==== Data shown

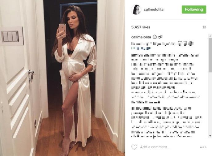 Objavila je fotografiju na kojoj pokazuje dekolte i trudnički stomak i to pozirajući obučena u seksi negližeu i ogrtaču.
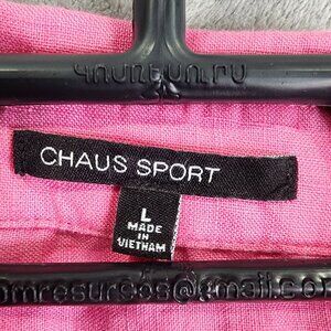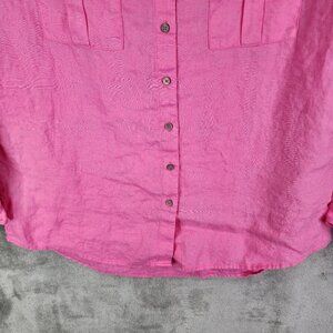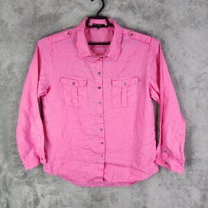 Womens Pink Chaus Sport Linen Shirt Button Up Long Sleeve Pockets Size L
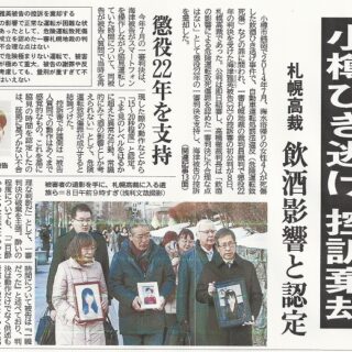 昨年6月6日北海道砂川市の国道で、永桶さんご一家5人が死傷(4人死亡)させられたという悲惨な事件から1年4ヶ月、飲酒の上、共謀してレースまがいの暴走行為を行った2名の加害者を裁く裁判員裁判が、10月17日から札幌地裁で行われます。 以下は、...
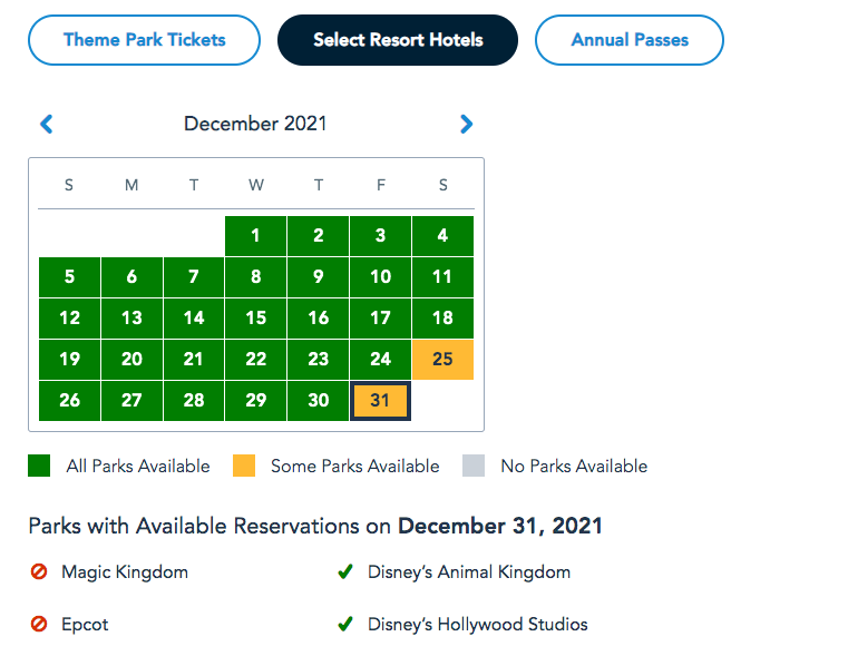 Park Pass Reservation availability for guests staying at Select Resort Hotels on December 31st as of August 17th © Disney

========
==== Data shown

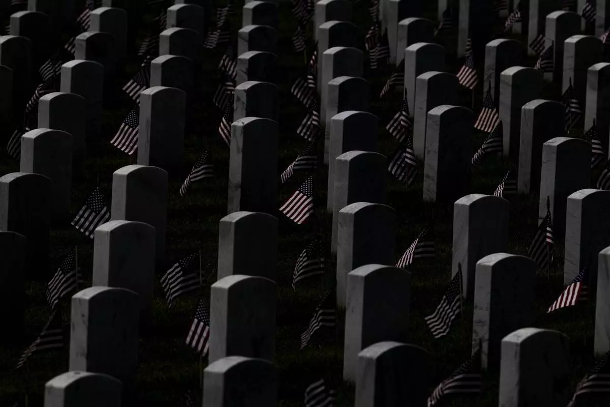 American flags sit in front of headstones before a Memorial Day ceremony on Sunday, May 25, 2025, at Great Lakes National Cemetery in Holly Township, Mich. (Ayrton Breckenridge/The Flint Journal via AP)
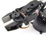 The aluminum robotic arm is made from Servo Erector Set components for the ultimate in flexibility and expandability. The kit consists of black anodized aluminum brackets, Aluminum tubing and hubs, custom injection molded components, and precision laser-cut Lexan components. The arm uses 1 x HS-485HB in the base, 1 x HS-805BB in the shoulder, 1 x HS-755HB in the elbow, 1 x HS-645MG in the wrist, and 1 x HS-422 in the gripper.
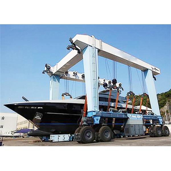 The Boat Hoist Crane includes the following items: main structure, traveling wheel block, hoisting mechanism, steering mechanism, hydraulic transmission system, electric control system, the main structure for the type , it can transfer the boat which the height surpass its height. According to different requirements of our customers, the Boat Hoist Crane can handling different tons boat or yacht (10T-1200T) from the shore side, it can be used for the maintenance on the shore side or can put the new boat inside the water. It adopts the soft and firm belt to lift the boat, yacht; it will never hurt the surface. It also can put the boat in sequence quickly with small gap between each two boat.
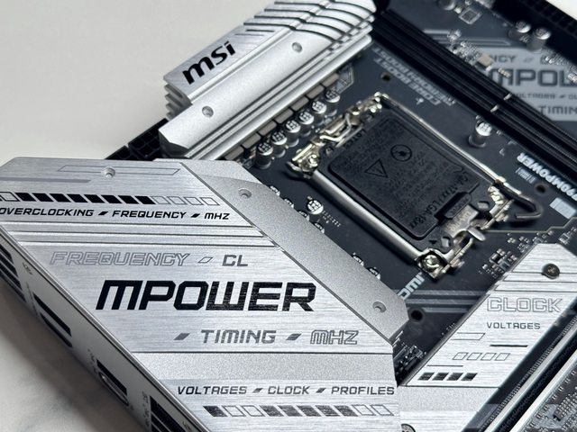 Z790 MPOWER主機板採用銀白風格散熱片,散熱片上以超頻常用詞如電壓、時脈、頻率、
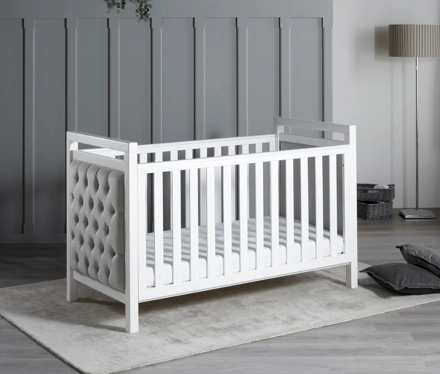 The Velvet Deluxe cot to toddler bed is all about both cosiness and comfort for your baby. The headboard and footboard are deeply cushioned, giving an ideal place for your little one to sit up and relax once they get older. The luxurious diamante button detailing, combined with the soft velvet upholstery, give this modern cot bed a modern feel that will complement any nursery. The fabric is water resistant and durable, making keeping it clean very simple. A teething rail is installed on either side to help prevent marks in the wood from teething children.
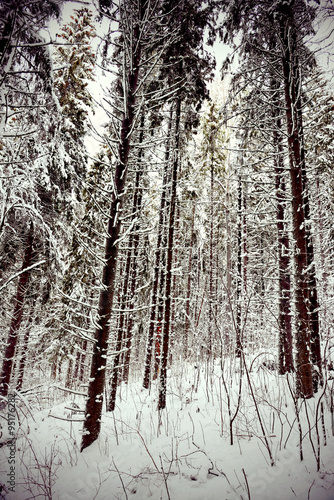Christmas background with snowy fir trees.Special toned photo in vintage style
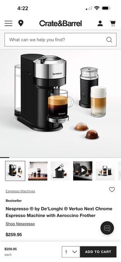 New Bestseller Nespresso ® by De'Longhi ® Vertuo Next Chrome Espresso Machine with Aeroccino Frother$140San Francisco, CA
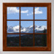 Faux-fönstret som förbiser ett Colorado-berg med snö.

========

Prompt: Give exactly the lines above that run from the line with "Womens Pink Chaus" to the line with "Park Pass Reservation", both included, leaving every picture out.

Exercise response:
 Womens Pink Chaus Sport Linen Shirt Button Up Long Sleeve Pockets Size L
 昨年6月6日北海道砂川市の国道で、永桶さんご一家5人が死傷(4人死亡)させられたという悲惨な事件から1年4ヶ月、飲酒の上、共謀してレースまがいの暴走行為を行った2名の加害者を裁く裁判員裁判が、10月17日から札幌地裁で行われます。 以下は、...
 Park Pass Reservation availability for guests staying at Select Resort Hotels on December 31st as of August 17th © Disney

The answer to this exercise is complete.